Candidates should be >= size. Candidates is also only relevant for LSH queries. If we get the pre-filter working, and your filter narrows the docs down to < ~10K documents, then an exact query (i.e. not LSH) should respond in under 100ms. The LSH queries are still not performing as well as I'd like.
Someone else emailed me with a similar index_out_of_bounds exception but I wasn't able to reproduce it. They were also using the query in an unexpected (to me) way, so hopefully we can track that down.
from elastiknn.
What's the intended behavior for using a knn query in a must clause?
I might be getting it wrong, but my line of thought was that everything would get evaluated to true while "filter" clause would do its job.
The LSH queries are still not performing as well as I'd like.
Offtopic, but I'd like to share my observations with LSH.

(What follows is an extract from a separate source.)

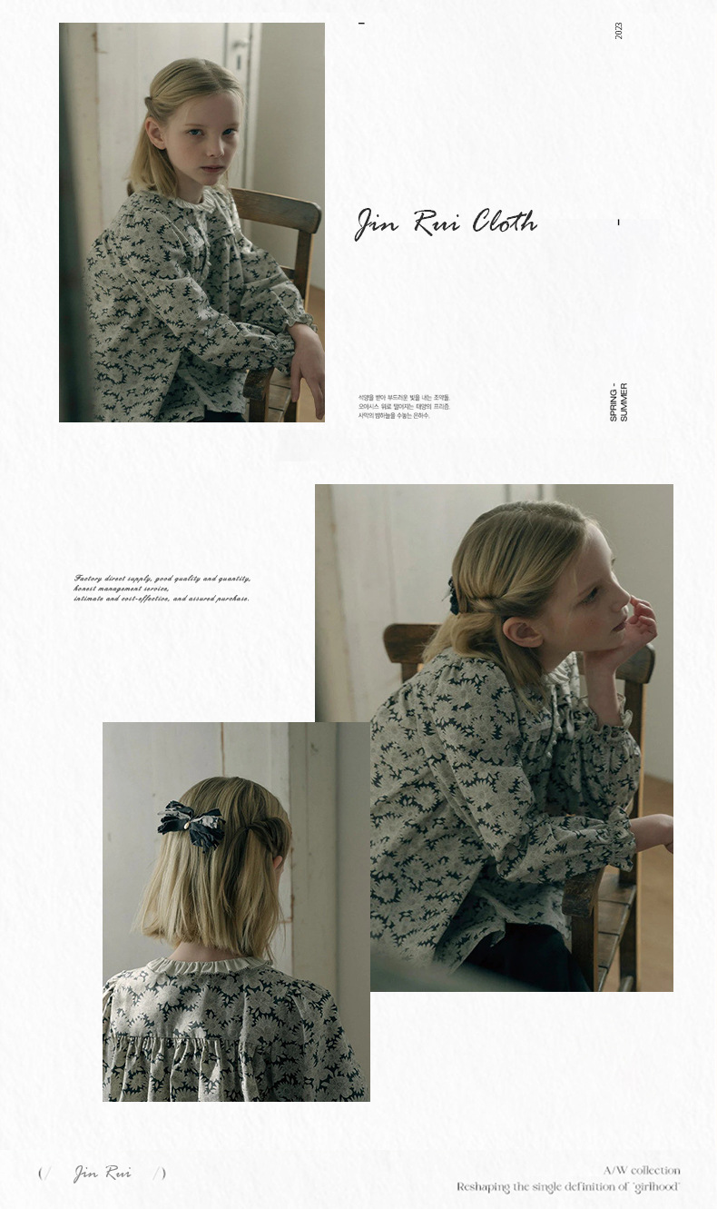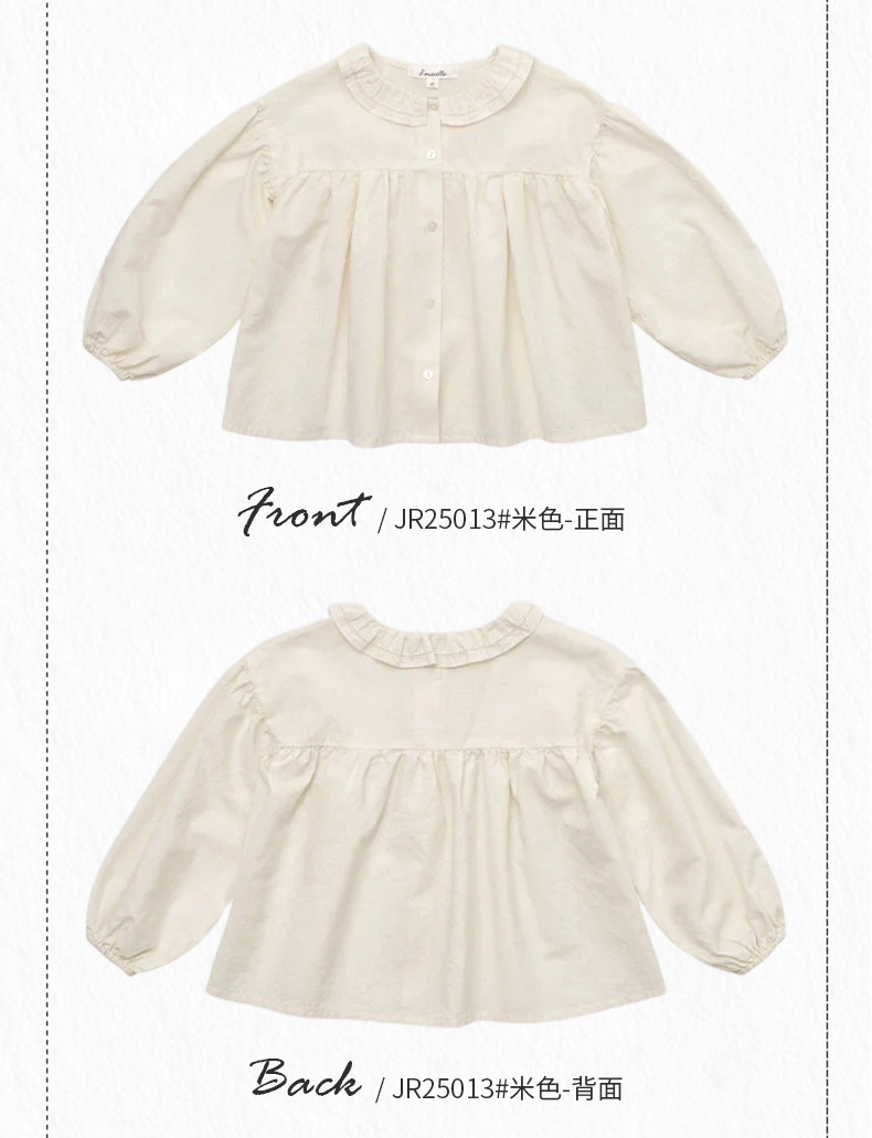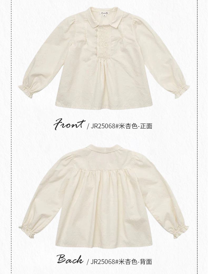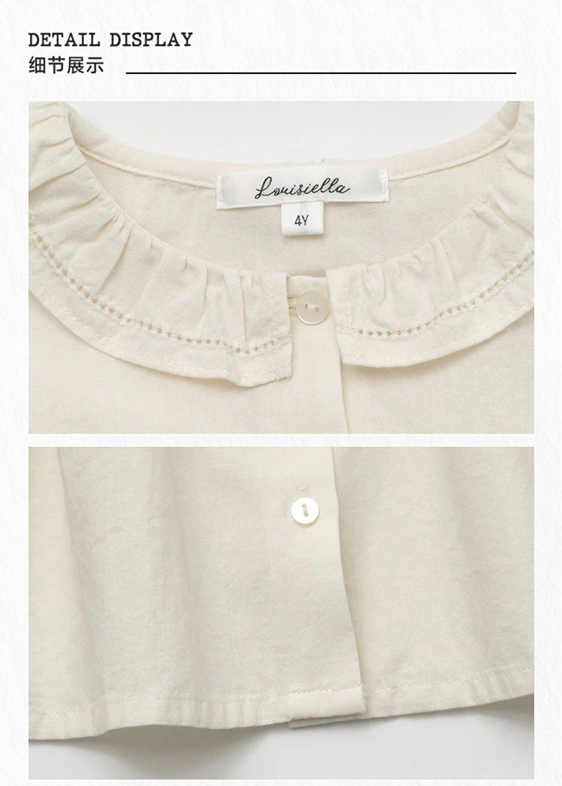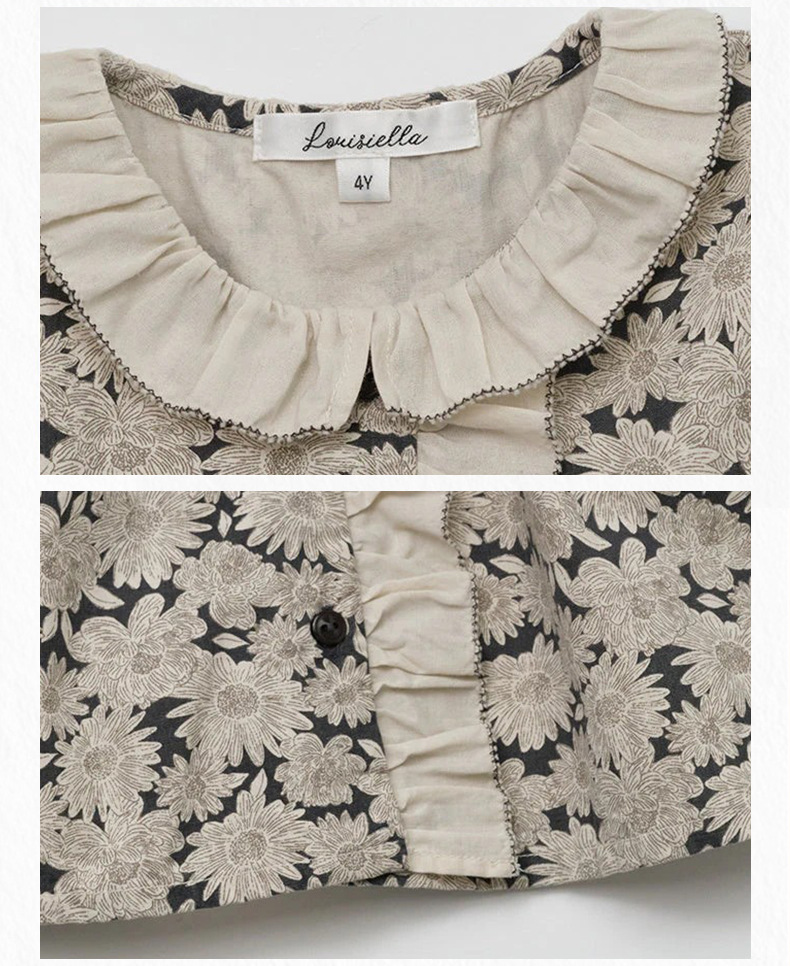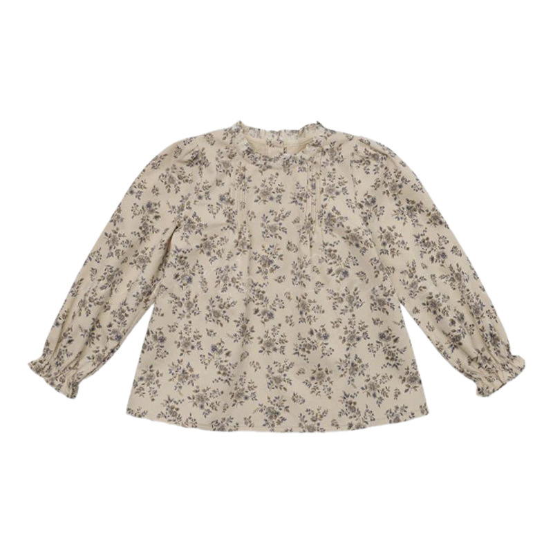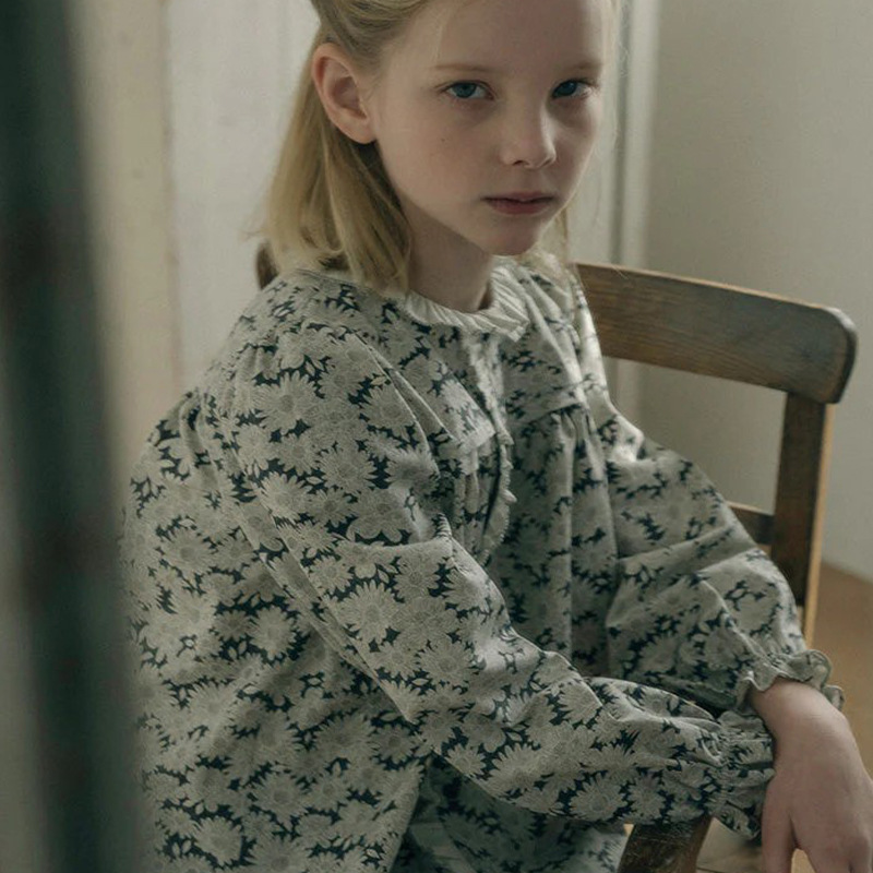 预售 2025秋冬Lou新款女童百搭纯棉长袖衬衣可爱木耳边小碎花上衣

Ran on OpenDistro 1.8.0 which has elasticsearch-oss-7.7.0 under the hood.
"model": "lsh",
"similarity": "angular",
"bands": 99,
"rows": 1,
"width": 3
# vectors: 1 million
dimensionality: 256
avg query time for 100 candidates: 749 ms
avg query time for 1000 candidates: 1076 ms
avg query time for 10000 candidates: 2417 ms
# vectors: 1 million
dimensionality: 1280
avg query time for 100 candidates: 1262 ms
avg query time for 1000 candidates: 3689 ms
avg query time for 10000 candidates: 9660 ms
# vectors: 11.6 million
dimensionality: 256
avg query time for 100 candidates: 16610 ms
avg query time for 1000 candidates: 19894 ms
avg query time for 10000 candidates: 29535 ms
For my checks I've also played with changing maximum ES heap size values to see if it influences the query time - it does not.
from elastiknn.
Thanks for the timings. I'll focus on getting the filter part of the query working now.
A bit more on performance in general:
It makes sense heap shouldn't affect recall and timing. The query time for exact queries is bottlenecked by raw floating point computation. Reading the vectors used to be the bottleneck, but I fixed that by using a lower-level serialization method internally.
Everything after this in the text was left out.